My husband and i have been together for 7.5 years; dated for 5, married for 2.5. I understand that after marriage and/or having a child(ren), things necessarily don't stay the same in a relationship. But it is getting to the point where we are arguing over petty ass ****, we haven't had sex for 2 months (and i'm not sad about that at all), and i have already told him that I don't find him attractive anymore. 

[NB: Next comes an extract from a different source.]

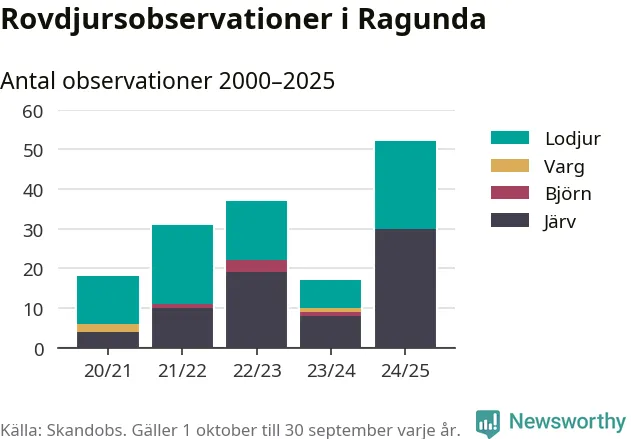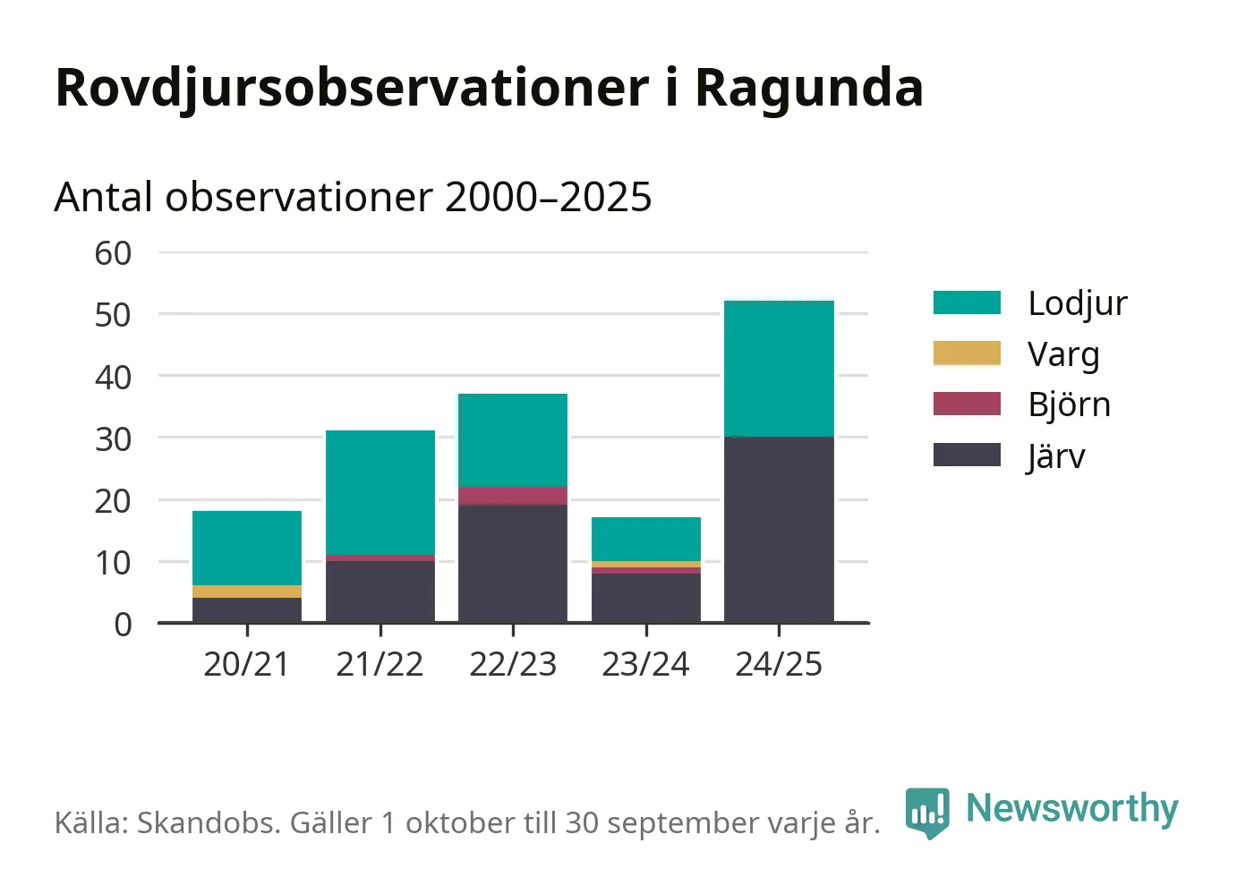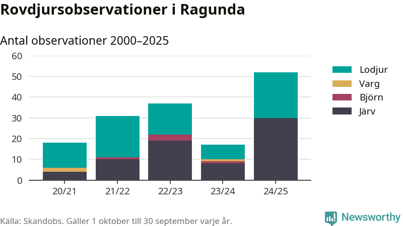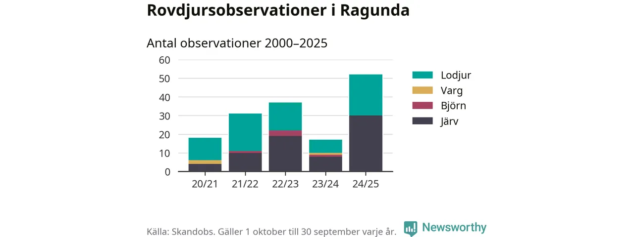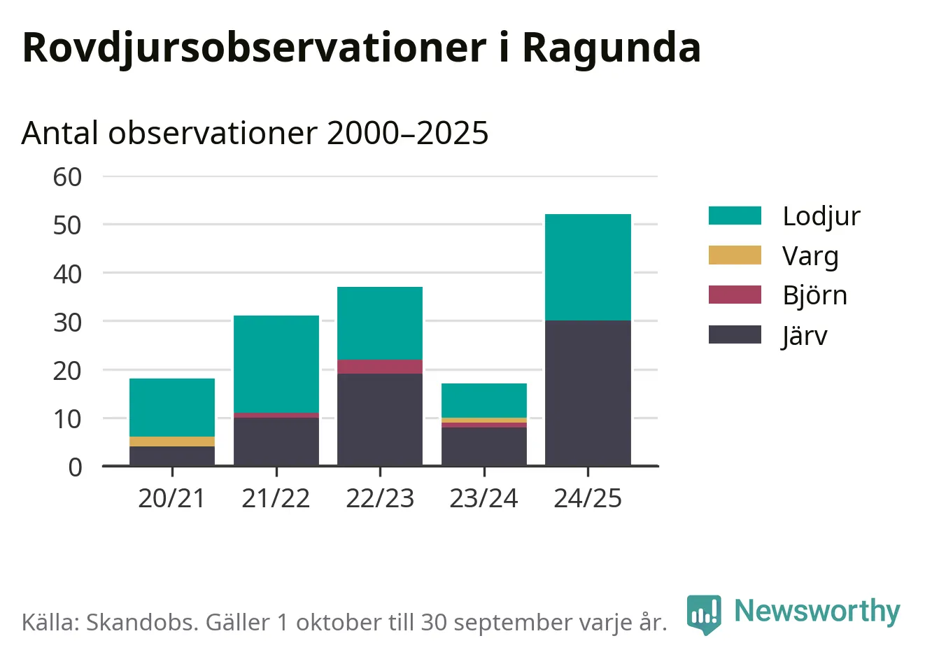 Där kan vem som helst rapportera sina observationer av de stora rovdjuren björn, varg, lodjur och järv. Mellan 1 oktober 2024 och 30 september i år har knappt 10 000 observationer registrerats i landet. Det kan vara synobservationer, foton, spår, spillning, döda bytesdjur eller andra tecken på rovdjursförekomst. I Ragunda handlar det om totalt 52 observationer av järv eller lodjur.

I married him because we had such a connection, he was such a great partner, and we had amazing sex. But all that is lost and gone out the window. We have tried to do "date nights" but even with that, i'm not pleased -- I find myself bored and wanting to go home...I am constantly looking at my watch to see how much longer I have to endure.
I don't know what else to do. I feel like moving away with my daughter and just starting over.


----------



## CanadianGuy (Jun 17, 2012)

What would you say are the top issues you feel you're facing?


----------



## EleGirl (Dec 3, 2011)

olivia7125 said:


> My husband and i have been together for 7.5 years; dated for 5, married for 2.5. I understand that after marriage and/or having a child(ren), things necessarily don't stay the same in a relationship. But it is getting to the point where we are arguing over petty ass ****, we haven't had sex for 2 months (and i'm not sad about that at all), and i have already told him that I don't find him attractive anymore.
> 
> I married him because we had such a connection, he was such a great partner, and we had amazing sex. But all that is lost and gone out the window. We have tried to do "date nights" but even with that, i'm not pleased -- I find myself bored and wanting to go home...I am constantly looking at my watch to see how much longer I have to endure.
> I don't know what else to do. I feel like moving away with my daughter and just starting over.


To answer your questions, get the books "His Needs, Her Needs" and "Love Busters".

It's too long to type here. If you read those then people here can give you support in getting your marriage back on track.


----------